Why for() loops solve the wrong problem

By for loops, I mean any construct which makes it easier to loop a fixed number of times, or over a datastructure.

They are a solution to a problem, make no mistake.  The problem they solve is that processing a datastructure with a "simple" while loop exhibits a pattern (which is a bad thing) in the loop counter or iterator, stepping it to the next value, and its comparison with the sentinel value.  But one should not be trying to process a datastructure with a loop in the first place for several resons.

One is that normally one wants to map, filter or fold the data.  These operations have a significant general structure (hence the term, duh) which need not be a loop, because the specific part is functionally pure, i.e. does not have side effects.  Let us look at a similar example, which already works this way: sorting.

First, if there were no built-in quicksort implementation, many programmers would write an O(N2) sort, because those are easier to implement.  Some might even write bubblesorts when in a hurry.  Not only would these be inefficient, but in the code repeated over and over, some bugs would happen.  Now, if there is one implementation of sort, and programmers supply the comparison function, there are numerous advantages:

The above is merely the conventional wisdom.  However, there is another factor of increasing importance: parallelism.  Writing bug-free parallel code is hard, even harder than writing an advanced sorting algorithm.  But since hardware is increasingly parallel (and possibly heterogenous), there is a growing pressure on software to use it.

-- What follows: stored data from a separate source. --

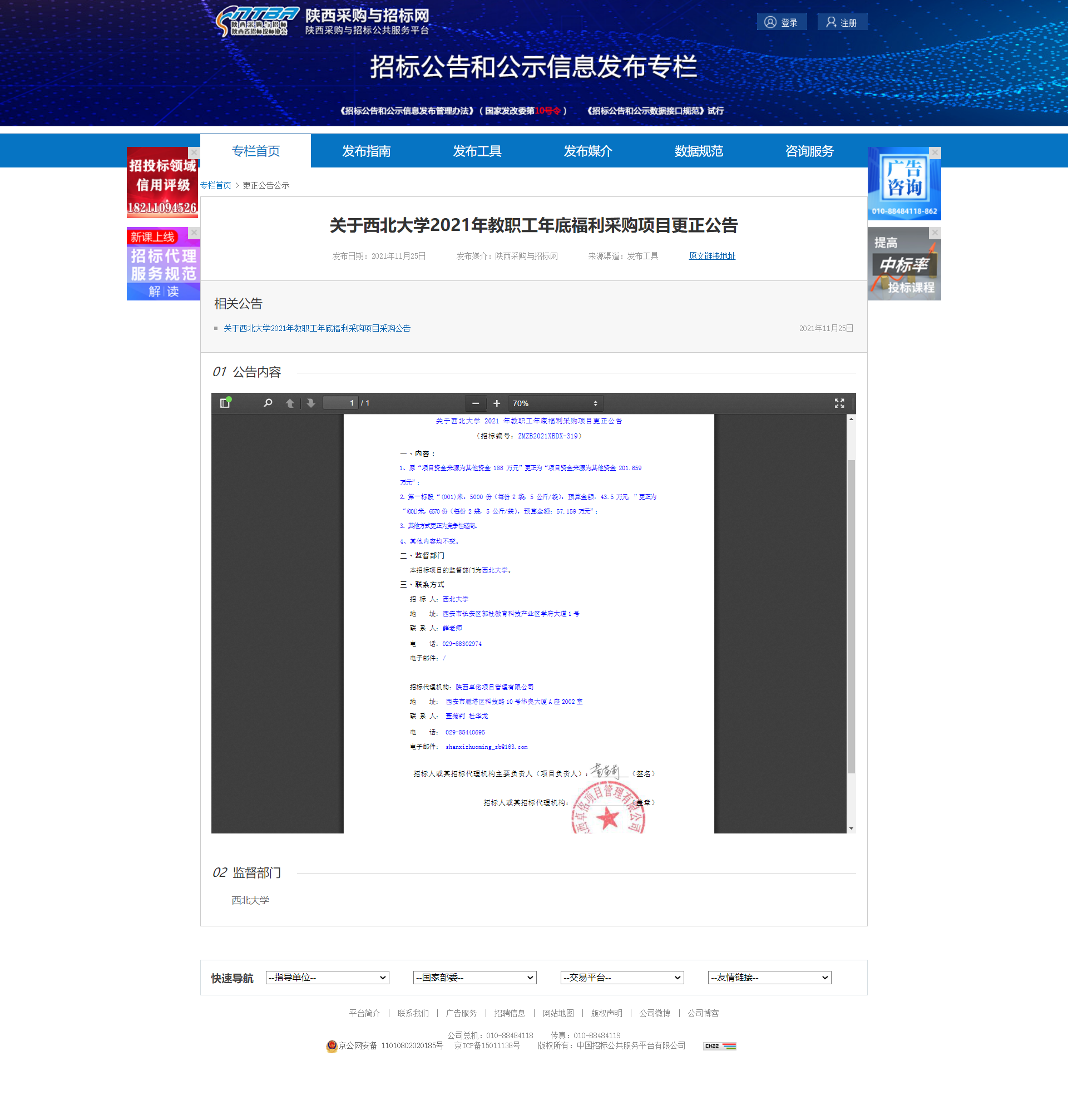 关于必赢3003no1线路检测中心2021年教职工年底福利采购项目更正公告 作者: 编辑:薛利娟 时间:2021-11-25 原公告网址:http://bulletin.sntba.com/changeBulletin/2021-11-25/368458.html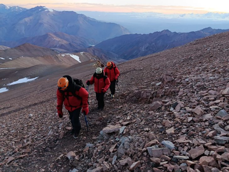 Durante el itinerario, los efectivos recorrieron sucesivas etapas de aclimatación en los campamentos “Laguna Blanca”, “Guanaquitos”, “Cuesta Blanca” y “Pirca de Indios”, puntos estratégicos que permitieron adaptar el organismo al ascenso progresivo y preparar las habilidades necesarias para enfrentar la montaña en altura.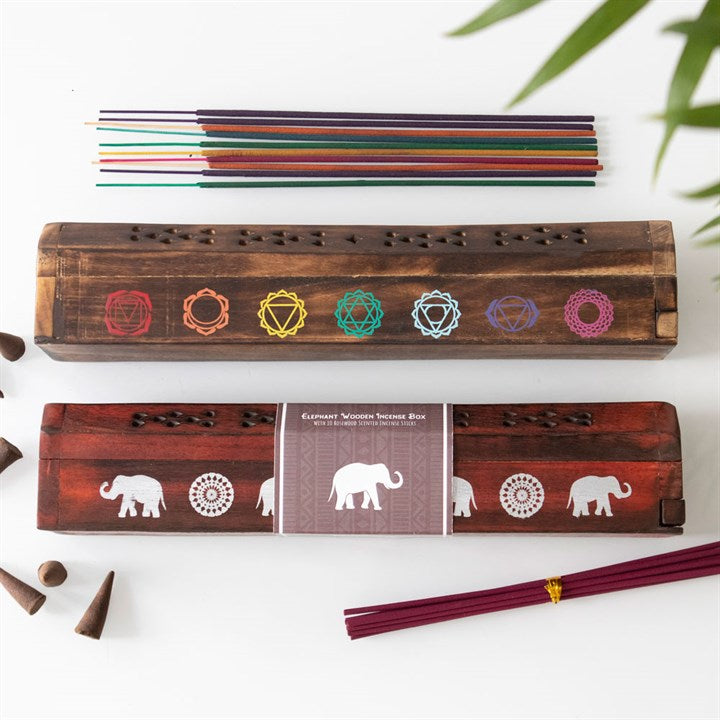This incense gift set includes 10 rosewood fragranced incense sticks in a mango wood box. Printed with white elephant silhouettes and mandala designs, this box doubles as both an incense holder and storage.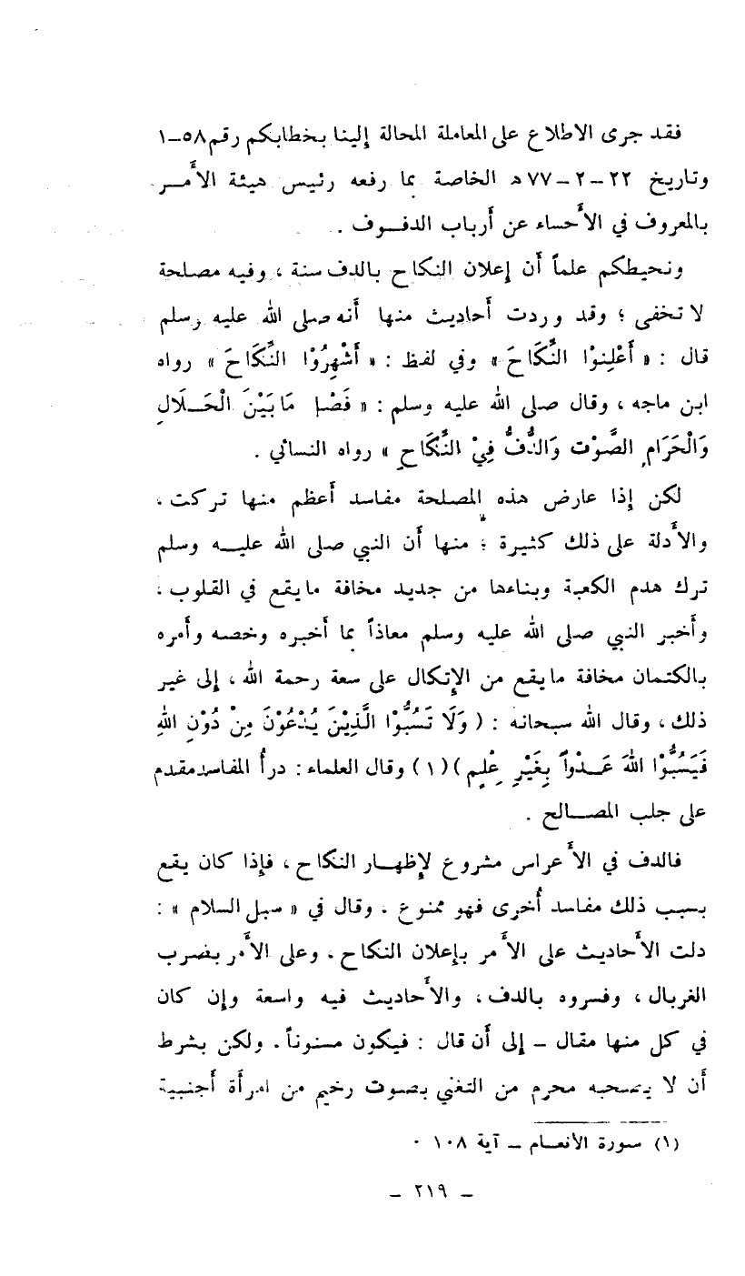 فقد جرى الإطلاع على المعاملة المحالة إلينا بخطابكم رقم 58-1 وتاريخ 22-2-77هـ الخاصة بما رفعه رئيس هيئة الأمر بالمعروف في الإحساء عن أرباب الدفوف.

And this is where having one higher-order function becomes even more important.  This central implementation can be written to take advantage of the hardware to its fullest, and any code to use it will be both faster and shorter.  Furthermore, a "free lunch" episode can happen again.  The original was when harware regularly got faster.  One only had to recompile a program (or not even that), and it ran significantly faster on newer hardware.  Now, newer CPUs regularly have more and more cores.  If sort, map and fold have a parallel implementation, a recompilation will make software run faster on newer, more parallel hardware, without needing a rewrite.